■ **Data block**
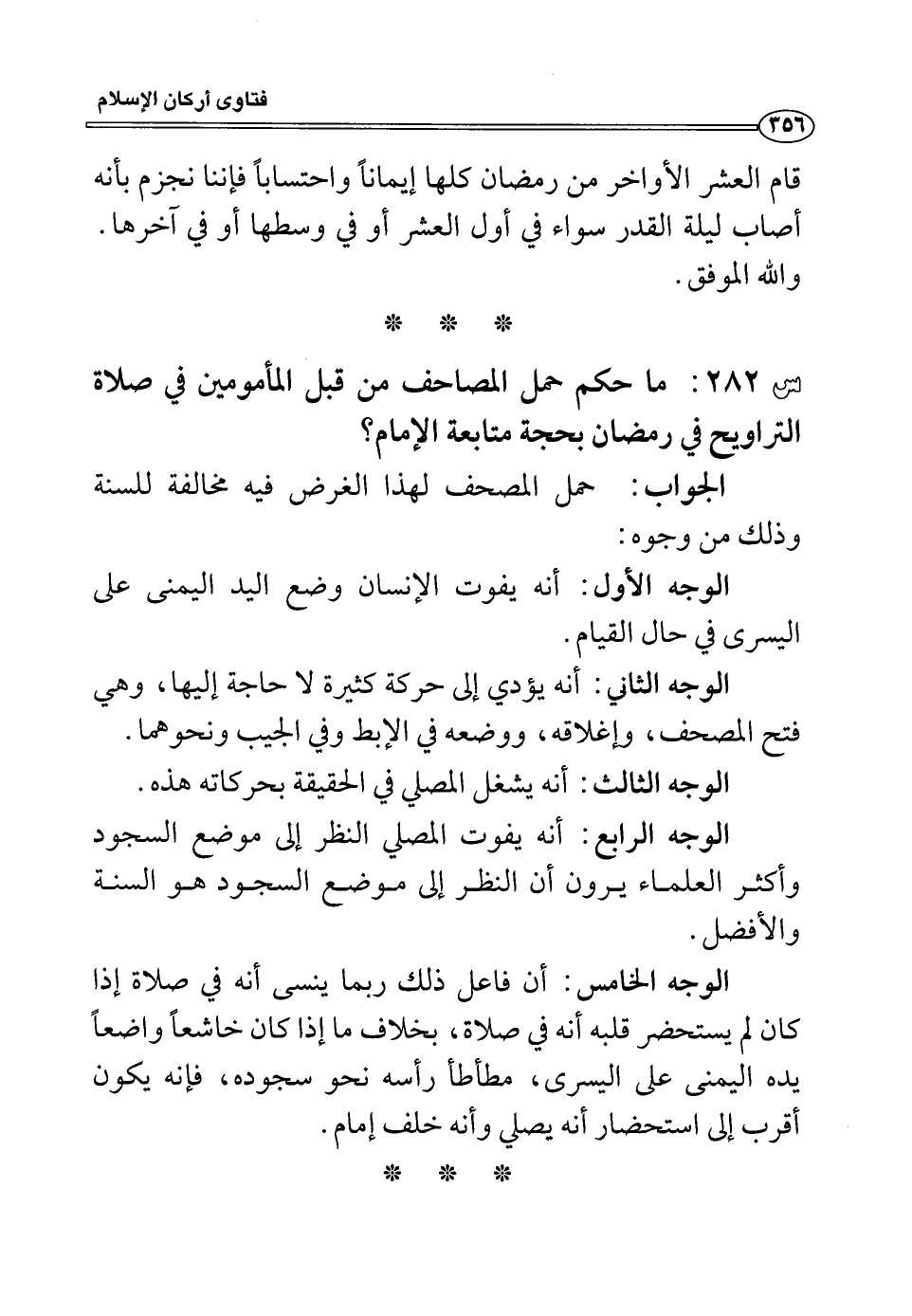 س282: ما حكم حمل المصاحف من قبل المأمومين في صلاة التراويح في رمضان بحجة متابعة الإمام؟
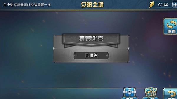 在地图2到8中,只要完成某张地图所有关卡的一星通关条件,就能解锁对应的地图迷宫。迷宫的每一层都分布着若干宝箱和怪物,击败宝箱可获取奖励(有概率得到五星优质卡牌,也就是常说的“塔货”),而击败怪物则没有奖励。每个迷宫里,玩家每天都能免费获得一次重置迷宫和使用一键刷塔功能的机会(一键刷塔可以选择跳过怪物,只挑战宝箱)。要是想再次重置迷宫或者使用一键刷塔功能,就需要消耗一定数量的钻石(月卡用户使用一键刷塔功能时也需注意相关规则)。在部分收集类活动期间,迷宫宝箱会掉落活动所需的收集材料,玩家需要根据目标收集数量来合理安排迷宫重置次数(选择跳过怪物刷迷宫的方式能节省不少体力)。
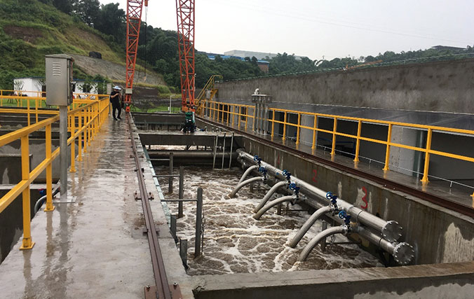 本項目設計規模15000噸/天,分三期實施,一期新建日處理5000噸/天污水處理廠,深度處理工藝MBR系統設計一期處理規模為3000噸/天,污水處理主體工藝采用A2O+MBR,出水排放標準達到《四川省岷江、沱江流域水污染排放標準》(DB51/2311-2016)合格標準。項目選型為水藝SMU-30A產品,設計平均通量為13.35L/m2/h。項目設計2座膜池,每座膜池布置6個膜架,每個膜架52簾SMU-30A,共用膜面積9360平方。項目投運時間為2018年3月。
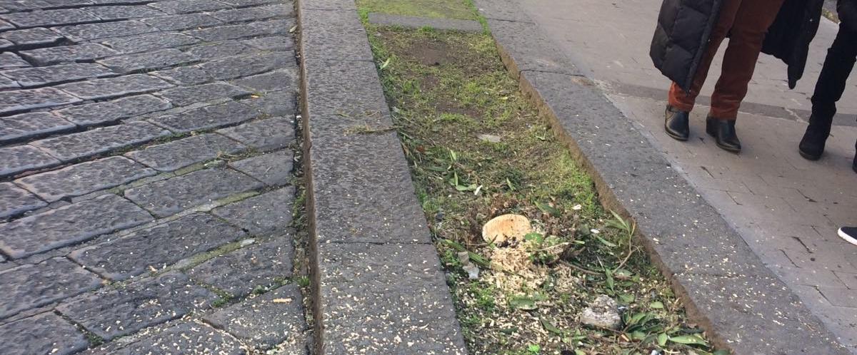 Nella mattina di ieri alcuni cittadini hanno notato i resti degli alberi dell'arteria barocca cittadina per terra. L'ipotesi avanzata dai residenti è che le piante sia state eliminate per questioni di sicurezza legate al percorso del fercolo della patrona. MeridioNews non è riuscito a contattare l'amministrazione

■ **What is expected**
If pictures appear in the data, omit them and copy all other parts exactly.

■ **Response for this exercise**
 س282: ما حكم حمل المصاحف من قبل المأمومين في صلاة التراويح في رمضان بحجة متابعة الإمام؟
 在地图2到8中,只要完成某张地图所有关卡的一星通关条件,就能解锁对应的地图迷宫。迷宫的每一层都分布着若干宝箱和怪物,击败宝箱可获取奖励(有概率得到五星优质卡牌,也就是常说的“塔货”),而击败怪物则没有奖励。每个迷宫里,玩家每天都能免费获得一次重置迷宫和使用一键刷塔功能的机会(一键刷塔可以选择跳过怪物,只挑战宝箱)。要是想再次重置迷宫或者使用一键刷塔功能,就需要消耗一定数量的钻石(月卡用户使用一键刷塔功能时也需注意相关规则)。在部分收集类活动期间,迷宫宝箱会掉落活动所需的收集材料,玩家需要根据目标收集数量来合理安排迷宫重置次数(选择跳过怪物刷迷宫的方式能节省不少体力)。
 本項目設計規模15000噸/天,分三期實施,一期新建日處理5000噸/天污水處理廠,深度處理工藝MBR系統設計一期處理規模為3000噸/天,污水處理主體工藝采用A2O+MBR,出水排放標準達到《四川省岷江、沱江流域水污染排放標準》(DB51/2311-2016)合格標準。項目選型為水藝SMU-30A產品,設計平均通量為13.35L/m2/h。項目設計2座膜池,每座膜池布置6個膜架,每個膜架52簾SMU-30A,共用膜面積9360平方。項目投運時間為2018年3月。
 Nella mattina di ieri alcuni cittadini hanno notato i resti degli alberi dell'arteria barocca cittadina per terra. L'ipotesi avanzata dai residenti è che le piante sia state eliminate per questioni di sicurezza legate al percorso del fercolo della patrona. MeridioNews non è riuscito a contattare l'amministrazione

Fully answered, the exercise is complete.